Près de la moitié des 2 200 enseignantes et enseignants qui ne figuraient pas sur le tableau de l’Ordre sont à présent inscrits. L’Ordre poursuit sa collaboration avec les conseils scolaires afin d’être sûr que ceux qui ne sont pas encore membres en règle le deviennent, renouvellent leur carte de compétence temporaire ou reçoivent la formation nécessaire pour répondre aux normes de l’Ordre, selon le cas.

La Loi sur l’éducation est sans équivoque à propos du personnel non qualifié. Elle stipule que «nul ne doit être employé dans une école élémentaire ou secondaire pour y enseigner ou y exercer des fonctions pour lesquelles l’adhésion à l’Ordre est exigée par la présente loi s’il n’est pas membre de l’Ordre des enseignantes et des enseignants de l’Ontario».

Cette disposition s’applique également aux directrices et directeurs de l’éducation, aux surintendantes et surintendants, aux conseillères et conseillers scolaires, au personnel de direction des écoles, au personnel enseignant à temps plein, à temps partiel et suppléant, ainsi qu’aux nouveaux diplômés des facultés d’éducation embauchés comme suppléants peu de temps après l’obtention de leur diplôme.

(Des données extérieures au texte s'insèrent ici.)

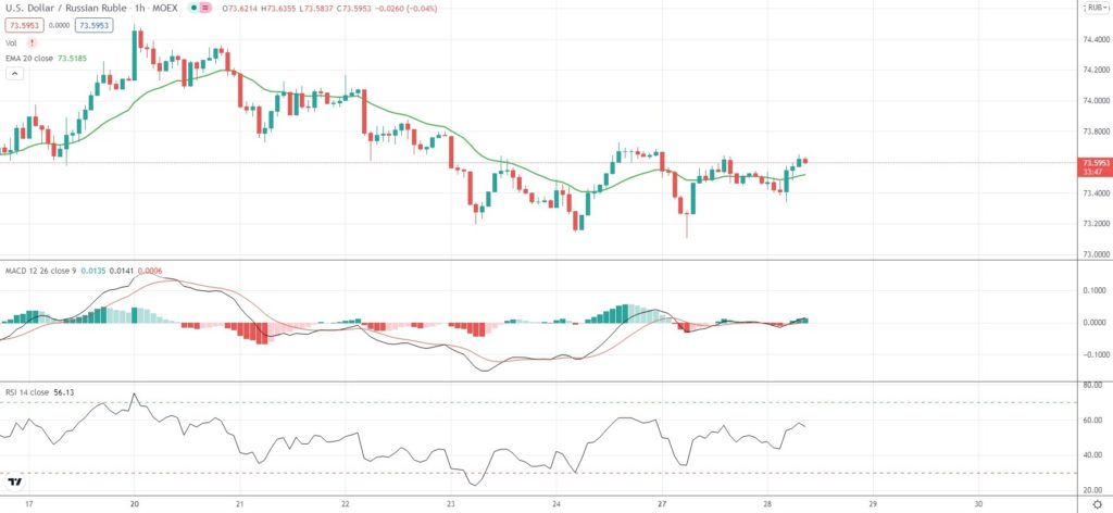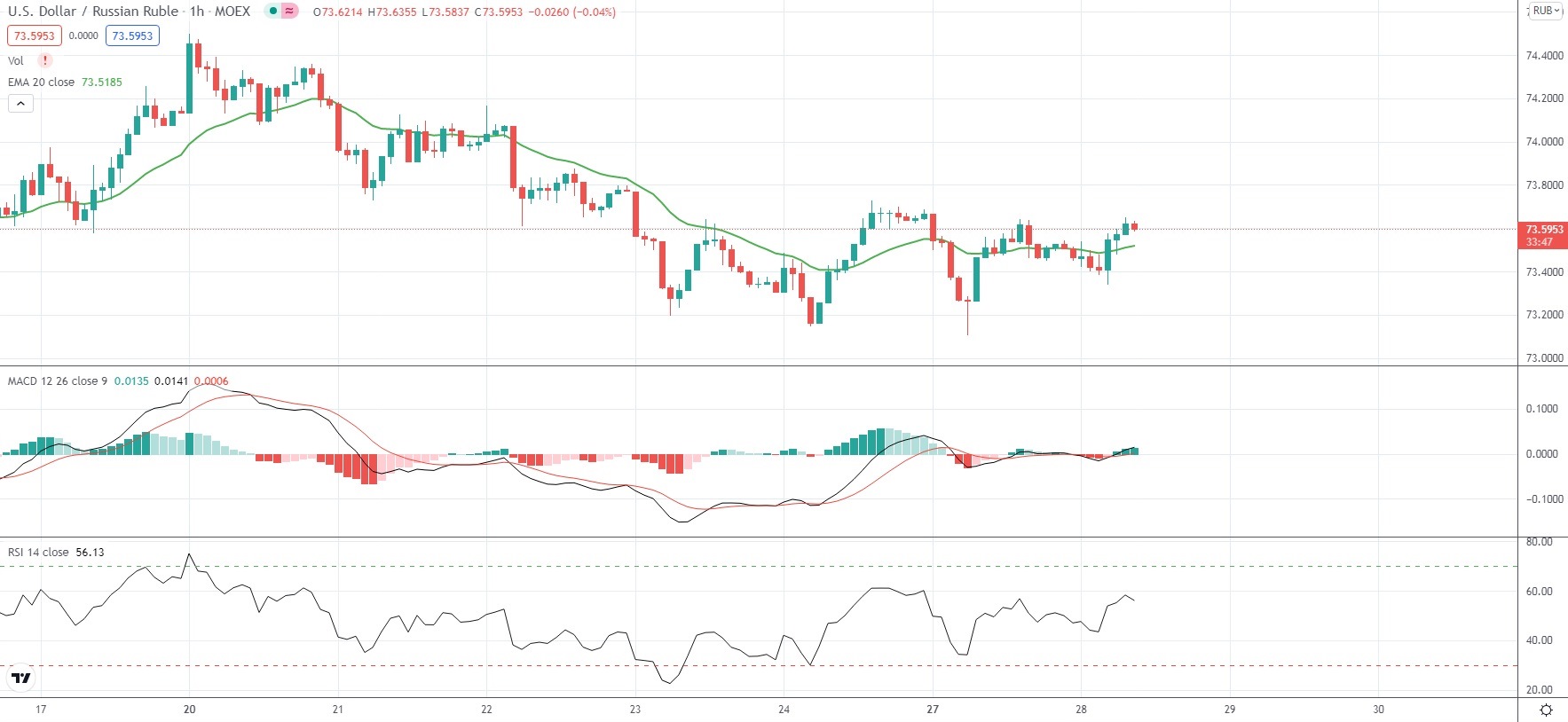 As of 10:09 GMT on Tuesday USD/RUB was edging up 0.23% to trade at 73.6312, while moving within a daily range of 73.3404-73.6504.

«Cet aspect est très important pour la profession, affirme Mme Wilson. Si les conseils scolaires peuvent faire appel à du personnel non qualifié pour enseigner dans des cas de force majeure, ils doivent néanmoins prouver qu’ils ont essayé par tous les moyens de trouver des enseignantes et enseignants qualifiés pour combler ces postes. En revanche, il peut y avoir une pénurie d’enseignants possédant des compétences particulières et des circonstances particulières qui justifient l’embauchage temporaire d’autres enseignantes et enseignants après avoir reçu l’autorisation du ministère de l’Éducation et de la Formation.»

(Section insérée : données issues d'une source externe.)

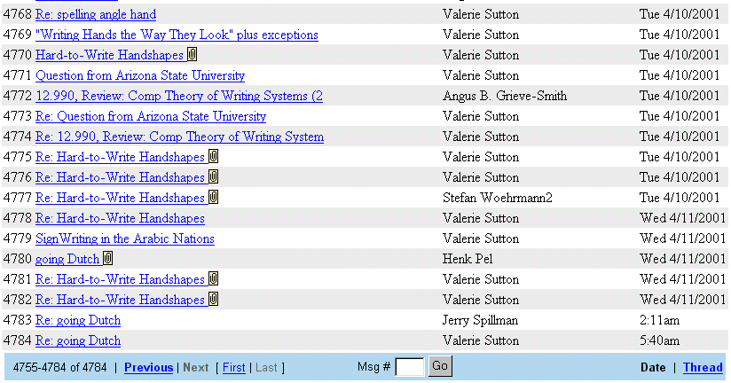 Im SignWriting -List Archiv werden alle Mitteilungen gesammelt und stehen somit auch den "Neuen" als wertvolle Informationsquelle zur verfügung .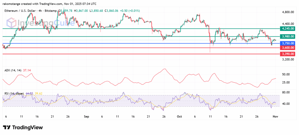 This week has not been easy for Ethereum. It fell below the crucial $4,000 level after touching highs of about $3,979 late last week. As of early November 1, it had clawed its way back up to around $3,850.
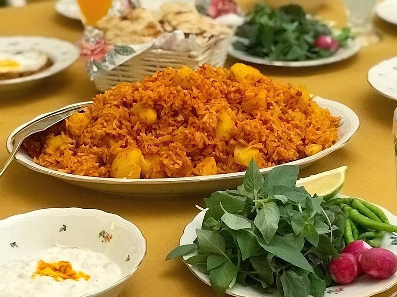 نکته: میتوانید سیبزمینی و مواد گوشتی را جداگانه سرخ کرده و به صورت لایهلایه به برنج آبکش شده اضافه کنید.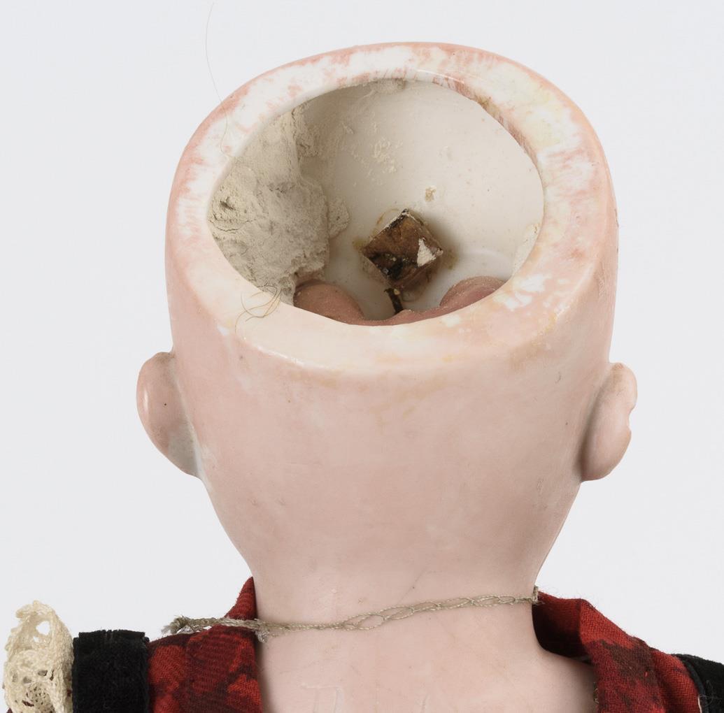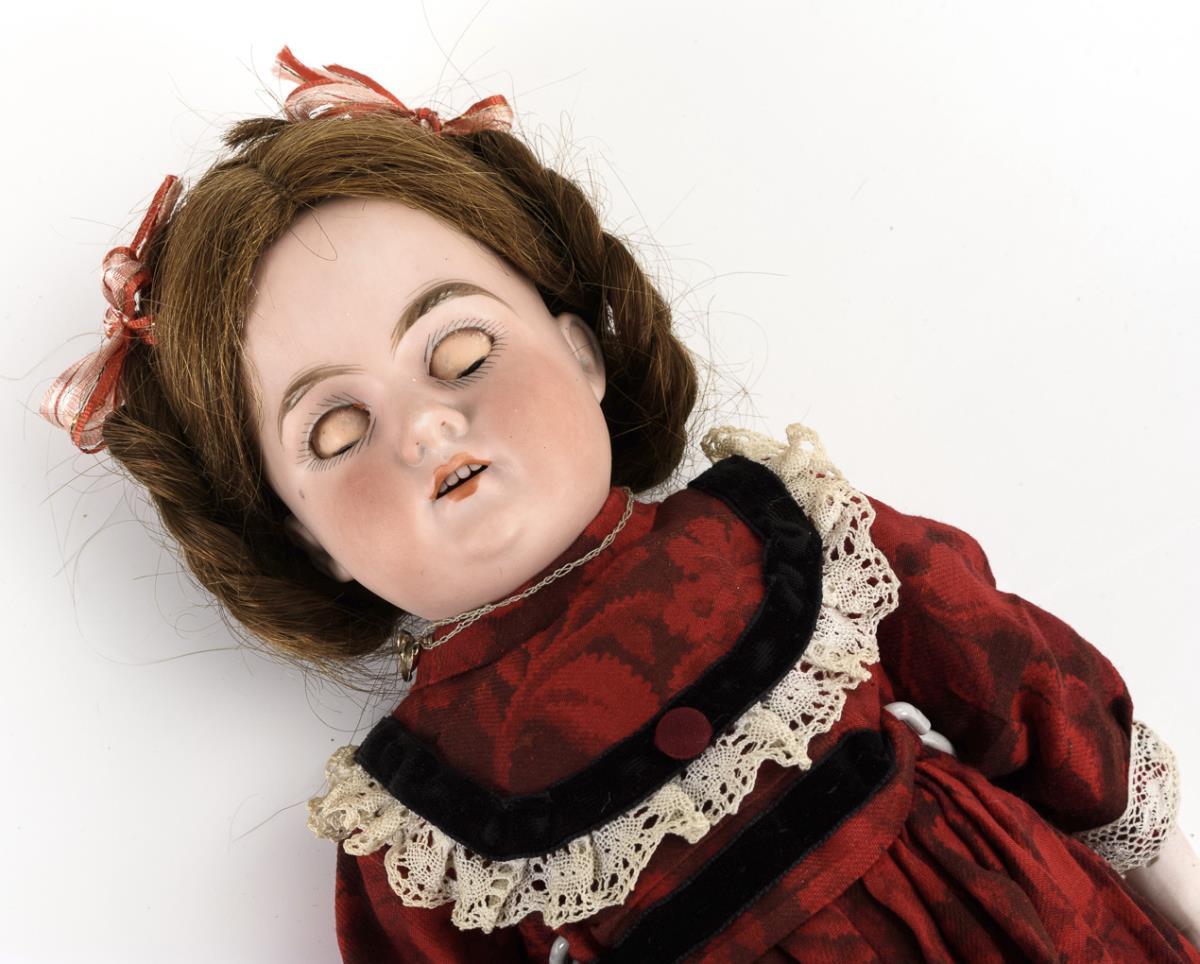 Chest head, blue sleeping eyes, brown human hair wig with braided hairdo. Leather body with bisque forearms, cloth knee gussets and lower legs. Red dress with black velvet and white lace trim, black shoes. Hair crack spider at the back of the head.
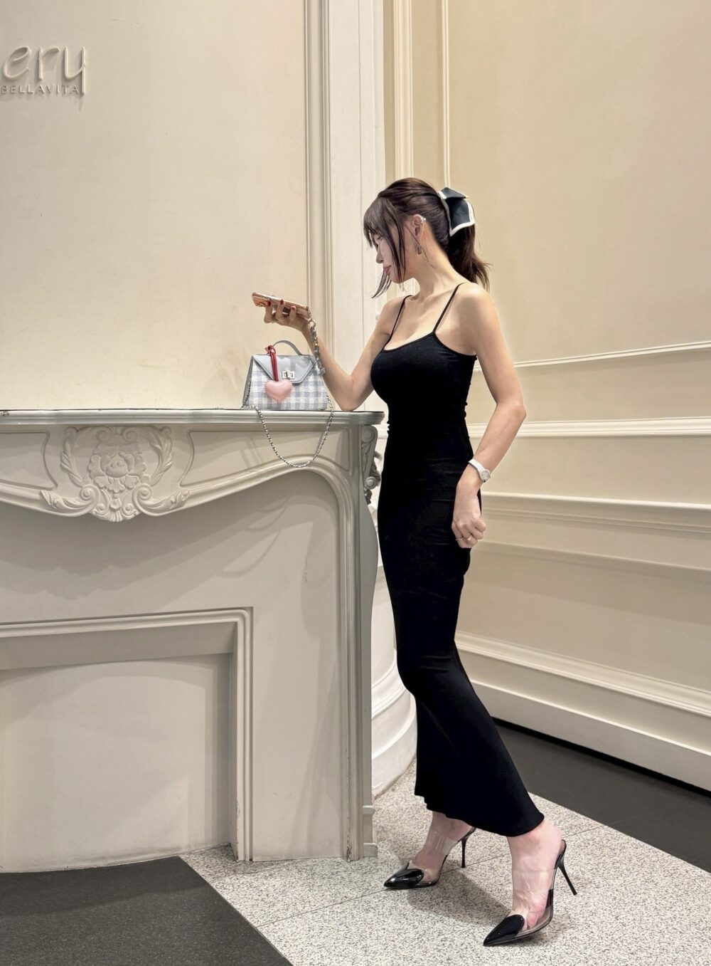 SQUENNA 塑身戰袍細肩長洋裝(現+預)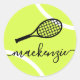 Autocollants de balle de tennis personnalisés imprimés avec un nom ou un texte personnalisé dans une police féminine et un joli script moderne et simple monogramme de raquette de tennis, idéal pour une invitation de tennis anniversaire, faveur, ou cadeau. Utilisez les options de personnalisation de Zazzle pour créer une feuille pour chaque invité comme une faveur à emporter d'une fête d'anniversaire d'un club de tennis.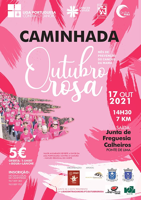 No dia 17 de Outubro, pelas 14h30, caminhada Solidária Contra o Cancro da Mama, com saída da Junta de Freguesia de Calheiros, organizado pela Zumba y Fitness - Centro de Motricidade de Calheiros.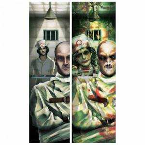Cartaz lenticular com 94cm de altura por 29.2cm de largura, do tema cemitério. A imagem apresentada representa as 2 imagens que observa apenas em um cartaz, pois imagem altera conforme a sua posição perante ela.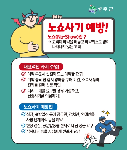 성주군은 이 외에도 홈페이지, SNS 등을 통해 예약부도 예방홍보 안내문을 게시하고. 의심 사례 발생 시 즉시 경찰(☎112)에 신고해 피해 예방에 도움을 받을 수 있도록 적극적으로 대응하고 있다.

La reconnaissance professionnelle

La reconnaissance professionnelle est un privilège que le personnel enseignant attend depuis longtemps, souligne Mme Wilson. Alors que médecins, infirmières, avocats, architectes et ingénieurs jouissent depuis plusieurs décennies d’une reconnaissance professionnelle en Ontario, les enseignantes et enseignants ont dû patienter plus de 30 ans, soit jusqu’en 1996, avant de l’obtenir.

Mme Wilson poursuit : «La plupart des gens n’iraient pas voir un médecin, un avocat ou un ingénieur s’il n’était pas reconnu par un ordre professionnel. L’éducation des enfants est tout aussi importante. Des enseignantes et enseignants qualifiés connaissent les besoins de leurs élèves, leurs styles et leurs antécédents d’apprentissage, et leurs aptitudes, ce qui leur permet de déceler les difficultés d’apprentissage, de définir les besoins et d’adapter le programme en conséquence.

«Les élèves sont en droit de s’attendre que du personnel qualifié et responsable leur dispense un enseignement.»